Varicella occurs at an increased rate during pregnancy, but mortality is not higher than that among men and non-pregnant women.

=== Parasitic infections ===
The risk of severe malaria by Plasmodium falciparum is three times as high in pregnant women, with a median maternal mortality of 40% reported in studies in the Asia–Pacific region. In women where the pregnancy is not the first, malaria infection is more often asymptomatic, even at high parasitic loads, compared to women having their first pregnancy. There is a decreasing susceptibility to malaria with increasing parity, probably due to immunity to pregnancy-specific antigens. Young maternal age and increases the risk. Studies differ whether the risk is different in different trimesters. Limited data suggest that malaria caused by Plasmodium vivax is also more severe during pregnancy.

=== Fungal infections ===
Severe and disseminated coccidioidomycosis has been reported to occur in increased frequency in pregnant women in several reports and case series, but subsequent large surveys, with the overall risk being rather low.

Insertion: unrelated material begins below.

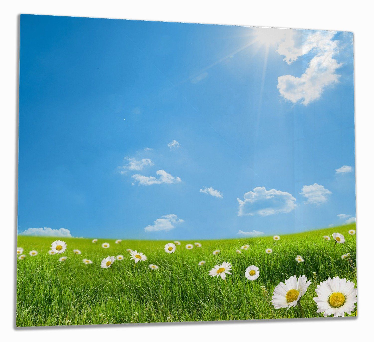 Wallario Herd-Abdeckplatte Sommerwiese - Weiße Gänseblümchen vor blauem Himmel, ESG-Sicherheitsglas, (Glasplatte, 1 tlg., inkl. 5mm Noppen), verschiedene Größen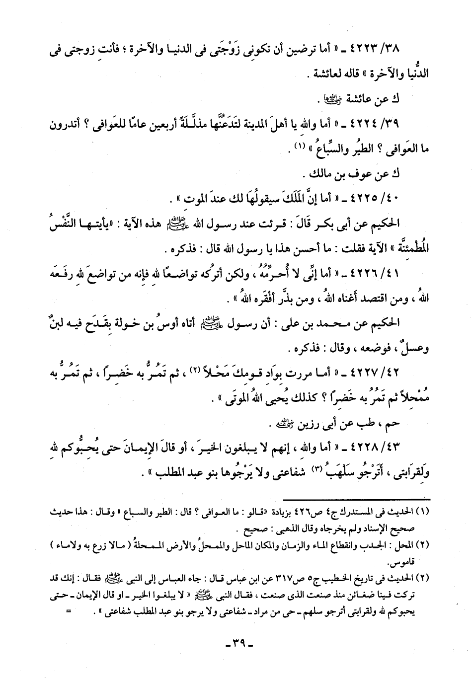 39/ 4224 - "أما والله يا أهلَ المدينة لتَدَعُنَّها مذلَّلَةً أربعين عامًا للعَوافى؟ أتدرون ما العَوافى؟ الطيرُ والسِّباعُ" (¬1).

=== Bacterial infections ===
Listeriosis mostly occurs during the third trimester, with Hispanic women appearing to be at particular risk. Listeriosis is a vertically transmitted infection that may cause miscarriage, stillbirth, preterm birth, or serious neonatal disease.

== Severity and Complications ==
Some infections are vertically transmissible, meaning that they can be tramsitted from the mother to  an offspring in utero or at time of birth. This is particularly prevalent in certain viral infections. Examples of this phenomenom include the Human Immunodeficiency Virus (HIV), Zika virus, Herpes simplex virus, and Hepatitis virus. Pathogenic infections are a significant external factor contributing to infertility, spontaneous abortion, stillbirth, growth retardation, developmental anomalies, preterm birth, and increased neonatal morbidity and mortality.